** INSTRUCTIONS FOR THE TASK **
Omit every picture and write out the rest of the records exactly.

** DATA IN THIS EXERCISE **
========================================

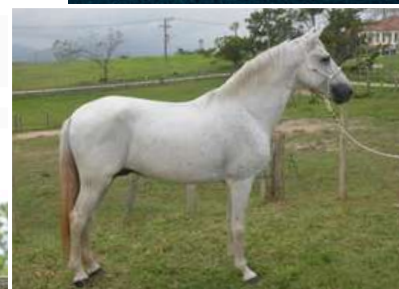
SEU PAI, QUARTZO IZ KM 47
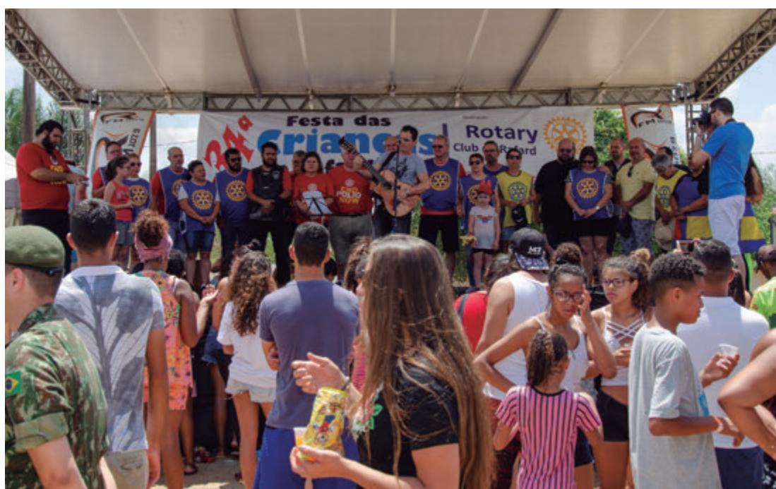
Encerramento contou com música e oração em homenagem à Nossa Senhora Aparecida

as expectativas e foi um sucesso novamente. "Foram meses de preparação e muito trabalho na véspera da festa para deixar tudo pronto, mas tudo isso não significa quase nada perto do sorriso e da alegria destas crianças que todos os anos lotam a Festa das Crianças do Rotary".
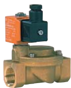
Electrovanne ESM 86 24 V ou 230 V
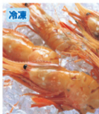
023 ほたんえび 約500g 4,000円
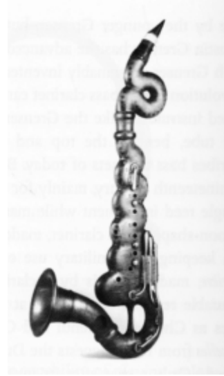
10. sz. ábra: basszusklarinét (Papalini, Chiaravalle)

A késő barokk kor egyik kísérlete volt a clarinette d'amour, jellegzetes hagymaformájú tölcserével, többnyire Asz, G vagy F hangolásban, mely azonban igen hamar kikopott a használatból, és a zenekari játékba – egy-két esettől eltekintve – sohasem vonult be (lásd 11. sz. ábra).
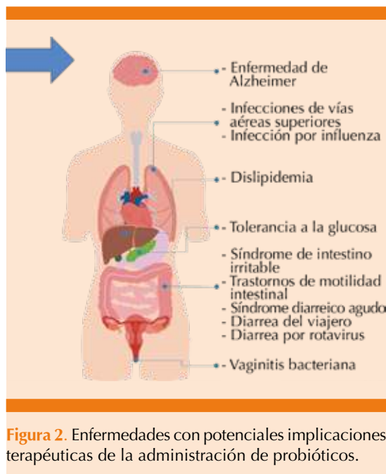
Figura 2. Enfermedades con potenciales implicaciones terapéuticas de la administración de probióticos.

colonización por bifidobacterias en los lactantes nacidos por vía vaginal en comparación con los obtenidos por vía abdominal, aunque todos los infantes fueron colonizados por bacterias entéricas aerobias. Los rangos de colonización por bacterias tipo bifidobacteria y las bacterias del género Lactobacillus fueron menores en los nacidos por cesárea que en los nacidos por vía vaginal. La colonización por Clostridium perfringens fue significativamente mayor en el grupo nacido por cesárea que en los nacidos por vía vaginal al mes de edad. Los rangos de colonización por Bacteroides fragilis difirieron marcadamente entre los grupos de estudio. La colonización por bacteroides tuvo un intervalo de 52 a 79% en los niños nacidos por vía vaginal mientras que en los nacidos por vía abdominal los grados de colonización siguieron siendo significativamente menores en el grupo nacido por cesárea que en el grupo nacido por vía vaginal (36 vs 76%, p < 0.009 ) a los dos y seis meses de edad. 3
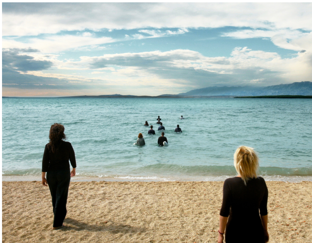
On the Beach , video HD, 24', couleur, son, 2016

La Galerie Dix9 a le plaisir de vous présenter
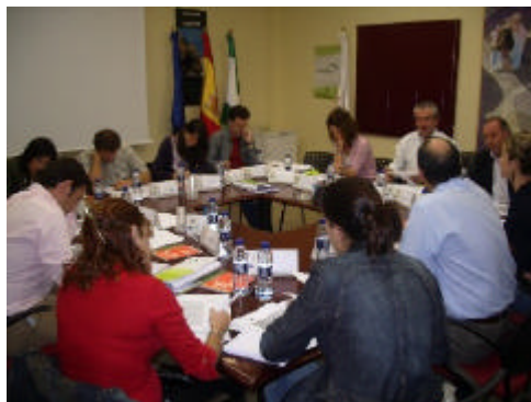
Agentes sociales definiendo los objetivos, líneas estratégicas y actuaciones de la estrategia comarcal de Sierra Mágina

la segunda mesa comarcal celebrada en el territorio de Sierra Mágina y consideradas prioritarias para desarrollarlas en la nueva estrategia de la comarca en el periodo 2007-2013.
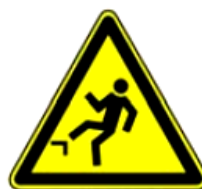
4.15. uzmanību, nelīdzens
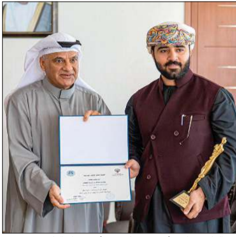
.. والفائز بجائزة أفضل ممثل دور أول جهاد البلوشي
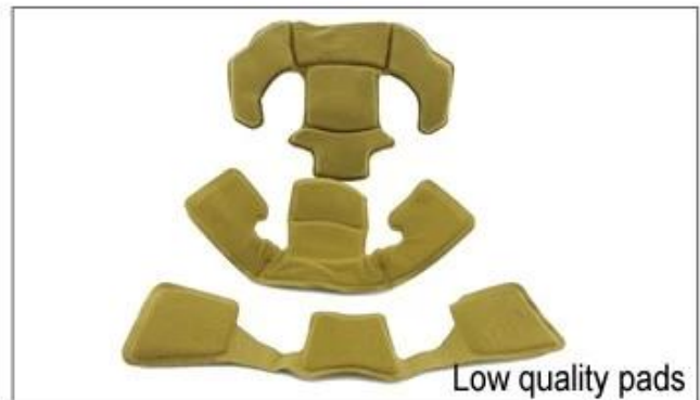
Low quality pads

Transpirabilidad y comodidad son muy importantes, por eso el Manta presenta correas Airlite que son un 15% más ligera que una correa del casco estándar. Tetonon correas son más ligeros, más fuertes y más transpirable que una correa del casco normal. Asimismo, no se adhieren a la cara con tanta facilidad cuando las temperaturas comienzan a aumentar. Fast correas Sistema de Adaptación puede ser fácilmente y de forma continua adaptada a su forma de la cabeza exacta. El casco se mantiene firmemente en la cabeza en todas las situaciones y las cinchas están siempre en la mejor posición.
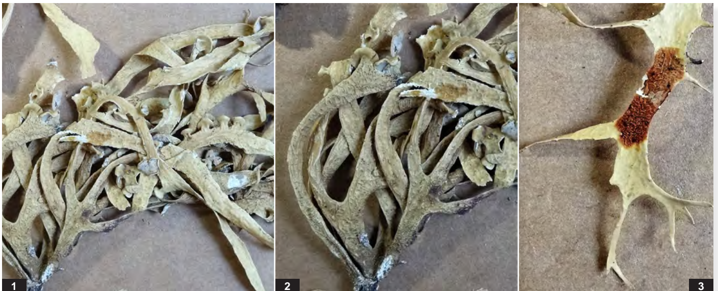
Abb. H: Ramalina subwebbiana . 1 — Thalluslappen bis 4 cm; 2 — netzgrubige Vertiefungen im Thallus, Ausschnitt ca. 4 cm; 3 — chemische Reaktion des Markes: K + rot (Salazinsäure).

Auffallend sind die flachen, bandartigen Äste der Art mit ihren netzgrubigen Strukturen und die vielen Apothecien. Die deutliche K + rot - Reaktion zeigt das Vorhandensein von Salazinsäure an.
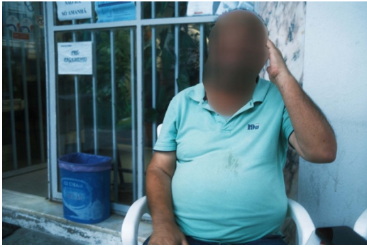
Figur 32. Man i fläckig pikétröja.
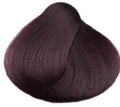
4.2 castano irisé violet brown châtain irisé castaño irisado كستنائي قزحي
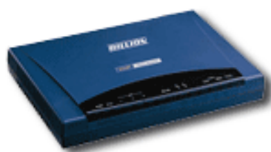
VoIP ADSL Router

========================================

** TASK SOLUTION **
SEU PAI, QUARTZO IZ KM 47
Encerramento contou com música e oração em homenagem à Nossa Senhora Aparecida

as expectativas e foi um sucesso novamente. "Foram meses de preparação e muito trabalho na véspera da festa para deixar tudo pronto, mas tudo isso não significa quase nada perto do sorriso e da alegria destas crianças que todos os anos lotam a Festa das Crianças do Rotary".
Electrovanne ESM 86 24 V ou 230 V
023 ほたんえび 約500g 4,000円
10. sz. ábra: basszusklarinét (Papalini, Chiaravalle)

A késő barokk kor egyik kísérlete volt a clarinette d'amour, jellegzetes hagymaformájú tölcserével, többnyire Asz, G vagy F hangolásban, mely azonban igen hamar kikopott a használatból, és a zenekari játékba – egy-két esettől eltekintve – sohasem vonult be (lásd 11. sz. ábra).
Figura 2. Enfermedades con potenciales implicaciones terapéuticas de la administración de probióticos.

colonización por bifidobacterias en los lactantes nacidos por vía vaginal en comparación con los obtenidos por vía abdominal, aunque todos los infantes fueron colonizados por bacterias entéricas aerobias. Los rangos de colonización por bacterias tipo bifidobacteria y las bacterias del género Lactobacillus fueron menores en los nacidos por cesárea que en los nacidos por vía vaginal. La colonización por Clostridium perfringens fue significativamente mayor en el grupo nacido por cesárea que en los nacidos por vía vaginal al mes de edad. Los rangos de colonización por Bacteroides fragilis difirieron marcadamente entre los grupos de estudio. La colonización por bacteroides tuvo un intervalo de 52 a 79% en los niños nacidos por vía vaginal mientras que en los nacidos por vía abdominal los grados de colonización siguieron siendo significativamente menores en el grupo nacido por cesárea que en el grupo nacido por vía vaginal (36 vs 76%, p < 0.009 ) a los dos y seis meses de edad. 3
On the Beach , video HD, 24', couleur, son, 2016

La Galerie Dix9 a le plaisir de vous présenter
Agentes sociales definiendo los objetivos, líneas estratégicas y actuaciones de la estrategia comarcal de Sierra Mágina

la segunda mesa comarcal celebrada en el territorio de Sierra Mágina y consideradas prioritarias para desarrollarlas en la nueva estrategia de la comarca en el periodo 2007-2013.
4.15. uzmanību, nelīdzens
.. والفائز بجائزة أفضل ممثل دور أول جهاد البلوشي
Low quality pads

Transpirabilidad y comodidad son muy importantes, por eso el Manta presenta correas Airlite que son un 15% más ligera que una correa del casco estándar. Tetonon correas son más ligeros, más fuertes y más transpirable que una correa del casco normal. Asimismo, no se adhieren a la cara con tanta facilidad cuando las temperaturas comienzan a aumentar. Fast correas Sistema de Adaptación puede ser fácilmente y de forma continua adaptada a su forma de la cabeza exacta. El casco se mantiene firmemente en la cabeza en todas las situaciones y las cinchas están siempre en la mejor posición.
Abb. H: Ramalina subwebbiana . 1 — Thalluslappen bis 4 cm; 2 — netzgrubige Vertiefungen im Thallus, Ausschnitt ca. 4 cm; 3 — chemische Reaktion des Markes: K + rot (Salazinsäure).

Auffallend sind die flachen, bandartigen Äste der Art mit ihren netzgrubigen Strukturen und die vielen Apothecien. Die deutliche K + rot - Reaktion zeigt das Vorhandensein von Salazinsäure an.
Figur 32. Man i fläckig pikétröja.
4.2 castano irisé violet brown châtain irisé castaño irisado كستنائي قزحي
VoIP ADSL Router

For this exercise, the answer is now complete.